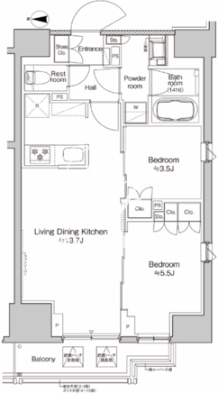 平米数 | 51.69m2 | 部屋詳細 | LDK13.7帖/洋室5.5帖/洋室3.5帖 |
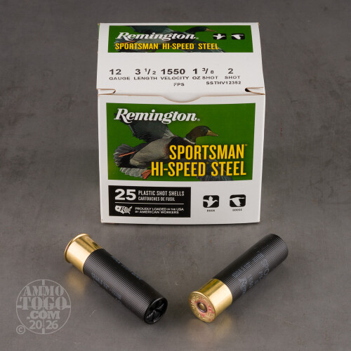 Leave a ReviewWhy Shooters and Hunters love or hate 25rds - 12 Gauge Remington Sportsman Hi-Speed Steel 3 1/2" 1 3/8oz. #2 Shot Ammo
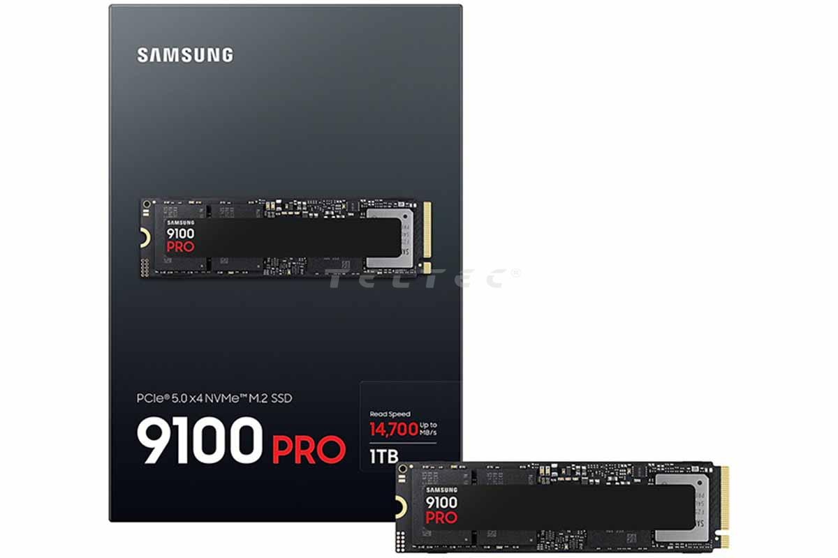 Die Samsung SSD 9100 Pro NVMe M.2 1TB PCIe ist eine NVMe™ Gen5 SSD mit außergewöhnlichen Leistungsdaten. Sie erreicht Lesegeschwindigkeiten von bis zu 14.700 MB/s und Schreibgeschwindigkeiten von bis zu 13.300 MB/s und ist mit PCIe® 5.0 x4 kompatibel. Die 9100 PRO ist ideal für alle, die höchste Leistung wünschen, sowie für diejenigen, die mit riesigen Datenmengen und AI-Algorithmen arbeiten.
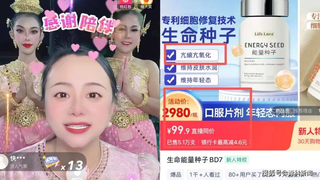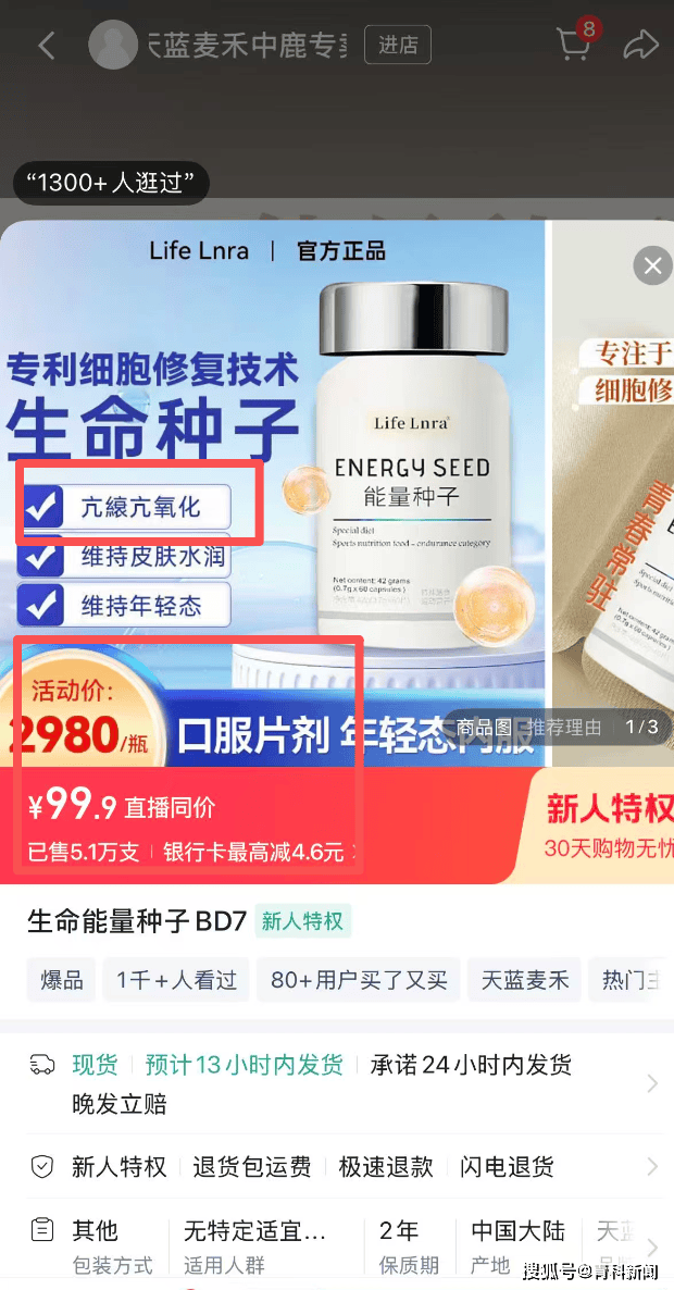 此外,“生命能量种子”的价格乱象尤为突出。根据“我是刘先生”账号商品图片显示,标价高达2980元/瓶的“生命能量种子”,直播加购后显示“直播同价99.9元”,价格差价超29倍,疑似通过虚构高价误导消费者感知价值。该商品宣传标注“专利细胞修复技术”“抗衰抗氧化”,但商品详情页未提供任何专利证明、检测报告或功效说明。
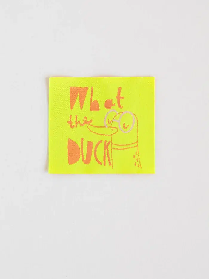 What the duck! Dieses Nähetikett zum Einnähen in deine selbstgenähte Kleidung spricht für sich — und für fluchende Enten. Das Etikett ist aus recyceltem Polyestergarn aus PET Flaschen gefertigt und ein kleines, leuchtendes Highlight an Eurer neuen Lieblingsklamotte!
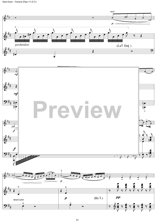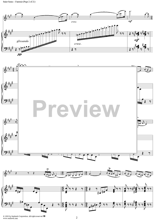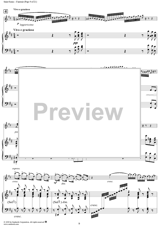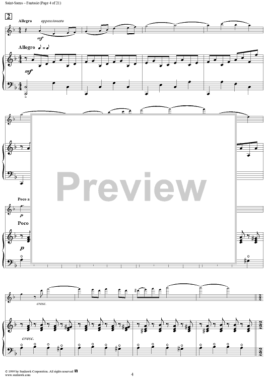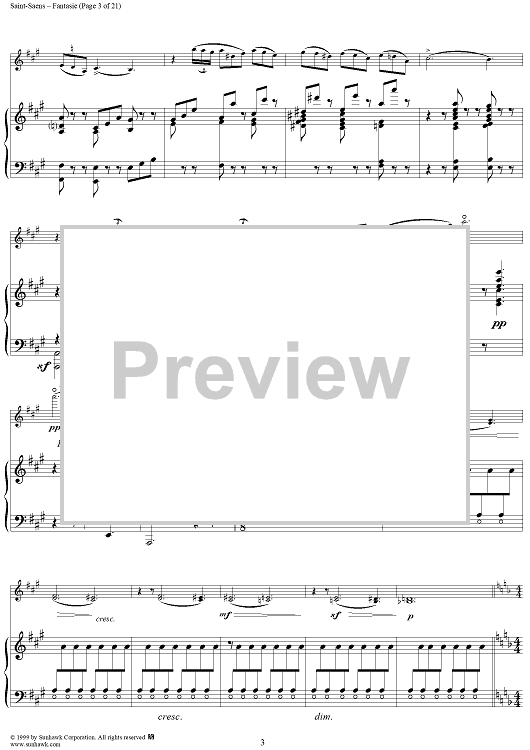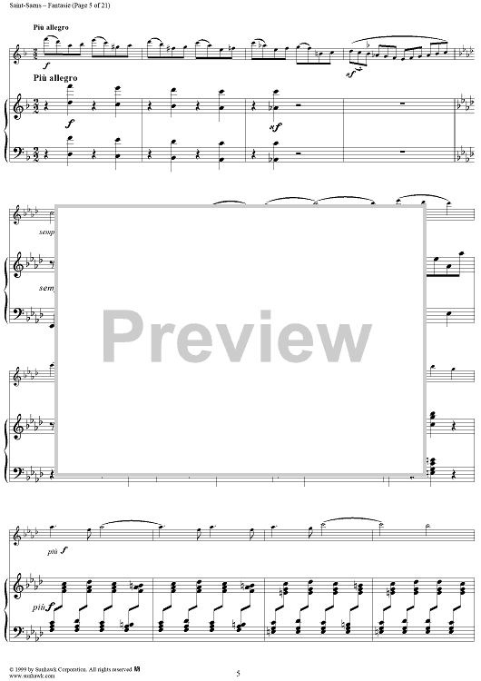 Digital Sheet Music for Fantasie in A Major, Op. 124 - Score by Camille Saint-Saëns scored for Violin/Harp; id:256435
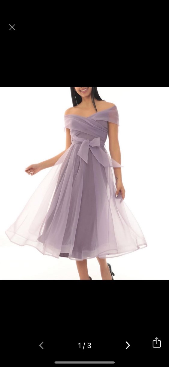 Uzun, pastel mor renkli abiye elbise, straplez yakaya ve drapeli detaylara sahiptir. İnce askılı, belinde fiyonk detayı bulunur, düğünler için uygundur.

*WORK TO BE COMPLETED:*
Write out the whole listing exactly, with no pictures.

*OUTPUT FOR THIS TASK:*
 平米数 | 51.69m2 | 部屋詳細 | LDK13.7帖/洋室5.5帖/洋室3.5帖 |
 Leave a ReviewWhy Shooters and Hunters love or hate 25rds - 12 Gauge Remington Sportsman Hi-Speed Steel 3 1/2" 1 3/8oz. #2 Shot Ammo
 Die Samsung SSD 9100 Pro NVMe M.2 1TB PCIe ist eine NVMe™ Gen5 SSD mit außergewöhnlichen Leistungsdaten. Sie erreicht Lesegeschwindigkeiten von bis zu 14.700 MB/s und Schreibgeschwindigkeiten von bis zu 13.300 MB/s und ist mit PCIe® 5.0 x4 kompatibel. Die 9100 PRO ist ideal für alle, die höchste Leistung wünschen, sowie für diejenigen, die mit riesigen Datenmengen und AI-Algorithmen arbeiten.
 此外,“生命能量种子”的价格乱象尤为突出。根据“我是刘先生”账号商品图片显示,标价高达2980元/瓶的“生命能量种子”,直播加购后显示“直播同价99.9元”,价格差价超29倍,疑似通过虚构高价误导消费者感知价值。该商品宣传标注“专利细胞修复技术”“抗衰抗氧化”,但商品详情页未提供任何专利证明、检测报告或功效说明。
 What the duck! Dieses Nähetikett zum Einnähen in deine selbstgenähte Kleidung spricht für sich — und für fluchende Enten. Das Etikett ist aus recyceltem Polyestergarn aus PET Flaschen gefertigt und ein kleines, leuchtendes Highlight an Eurer neuen Lieblingsklamotte!
 Digital Sheet Music for Fantasie in A Major, Op. 124 - Score by Camille Saint-Saëns scored for Violin/Harp; id:256435
 Uzun, pastel mor renkli abiye elbise, straplez yakaya ve drapeli detaylara sahiptir. İnce askılı, belinde fiyonk detayı bulunur, düğünler için uygundur.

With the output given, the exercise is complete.